John MacArthur flat-out teaches that, “a wife is to focus her life on the home. God has designed the family to be her sphere of responsibility.”[6] Never mind that the instructions and wisdom about parenting in the Bible include fathers, MacArthur and his complementarian buddies, under a rubric of patriarchal hierarchy, continue to teach Victorian family dynamics. In chapter 1 of the “Blue Book,” John Piper includes the word “protect” in his definition of masculinity and the word “nurture” in his definition of femininity.[7] I’ve heard complementarians teach that if a woman gets a college degree, it should be a “nurturing” field like teaching or nursing. I’ve also heard complementarians used the colloquial expression “mama bear” without a hint of irony.[8]

This ontological division, called complementarity, between men and women establishes the gender role framework that casts women as not only better suited than men to put their hands on the plow of domestic tasks but are designed to do so by God. Except, not only is it wrong that women are better suited than men to perform domestic tasks, but God has tasked both fathers and mothers with raising children in the fear of the Lord.

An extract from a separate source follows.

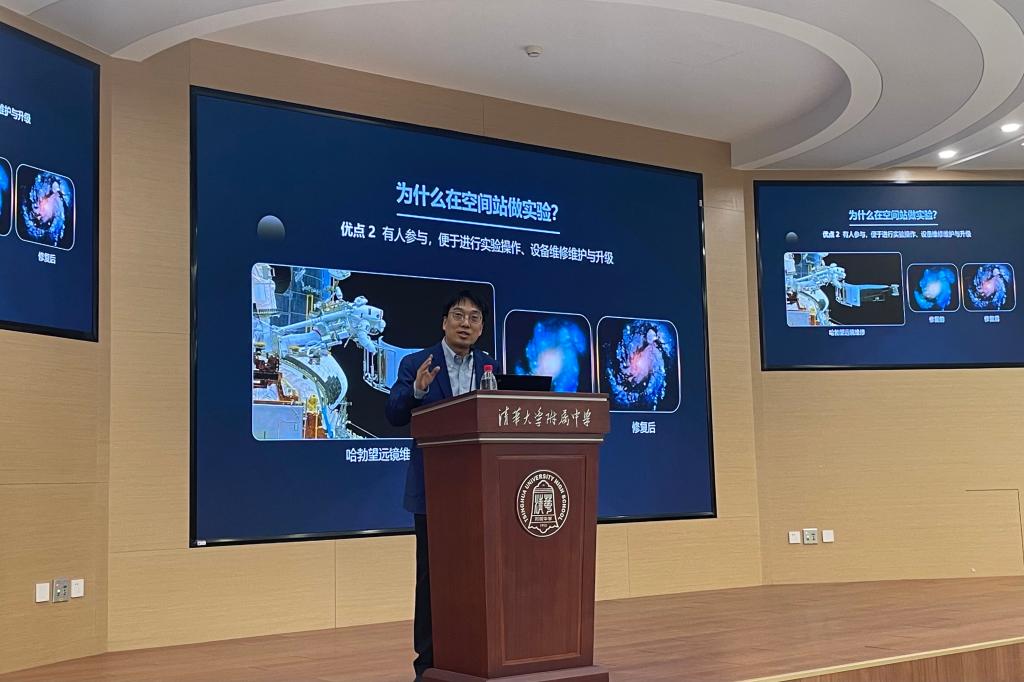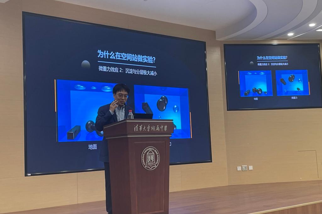 张伟专家介绍了目前已经研制的22种科学实验柜和舱外试验设施,同时提出了本次讲座的核心问题:为什么在空间站做实验?张伟专家认为有几条理由:第一,空间站可以长期提供微重力,辐射等实验环境;第二,在空间站中,有人参与,便于进行实验操作,设备的维修维护与升级。张伟专家还耐心地解释了“微重力”等概念。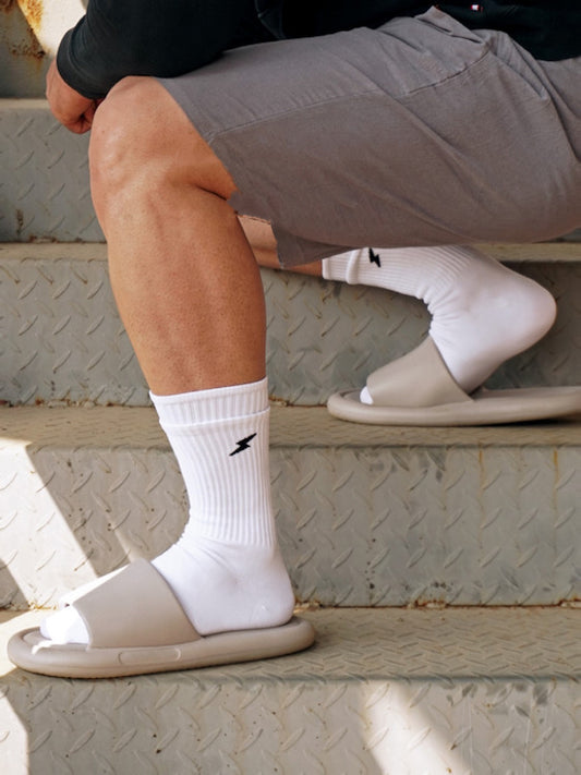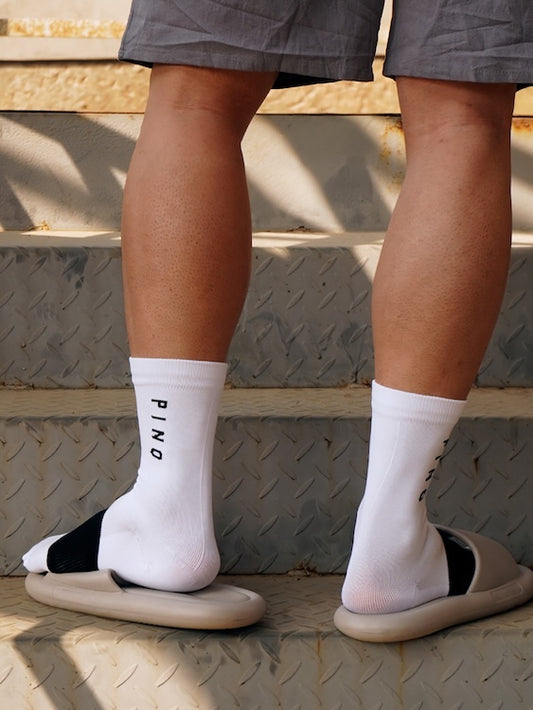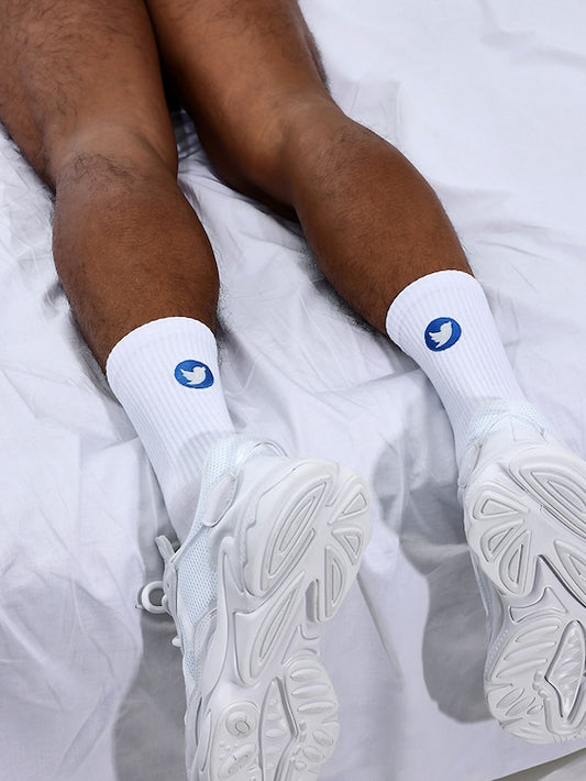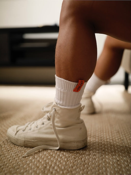 Men's White Crew Socks with Bold NOBLEST Orange Tag

Shamefully, the fact that many fathers in complementarian churches feel far less equipped than their wives to care for their children when operating as the sole parent is evidence that complementarian fathers are a less funny version of the TV sitcom dad.


[1] I have not seen the special; I don’t even know if it’s out yet. I saw a clip that included the above joke during one of Glaser’s talk show appearances.

[2] The churches of my youth, the ones my dad pastored, didn’t know the term. The so-called Blue Book wasn’t published until I was in high school. Even then, the editors, John Piper and Wayne Grudem, as well as every single contributor to the contents of the book would’ve been considered apostate new evangelicals in the independent fundamental Baptist world I grew up in. Nonetheless, my dad and every adult I knew while growing up was a complementarian, even if they’d never heard the term.

[3] Actually, clothes matching wasn’t always true, but that didn’t have anything to do with Danita being away. We often let our son, especially, but also our oldest daughter, make clothing choices that we would not have made. When he was in 2nd grade, our son loved to wear ties with t-shirts. Every morning he would proudly clip on his tie to his t-shirt and head off to school. It looks absurd, but my wife and I took the position that, if he’s happy with his clothing choice and his clothes are clean and cover the necessary body parts, who cares?

[4] Please note that I put feminine in quotes.

[5] Think about how much this lies about  God the Father.

[6] John MacArthur, Jr., Different By Design: Discovering God’s Will for Today’s Man and Woman (Colorado Springs, CO: Chariot Victor Publishing, 1994), 70.

[7] John Piper, “A Vision of Biblical Complementarity” Recovering Biblical Manhood and Womanhood: A Response to Evangelical Feminism ed. John Piper and Wayne Grudem (Wheaton, IL: Crossway, 2006), 36.

[8] Complementarians, especially those who don’t read footnotes, will seize on this, though, and declare that protecting their children from threats is a form of nurturing. BINGO! And if you don’t get my “BINGO!”, I ain’t going to tell you.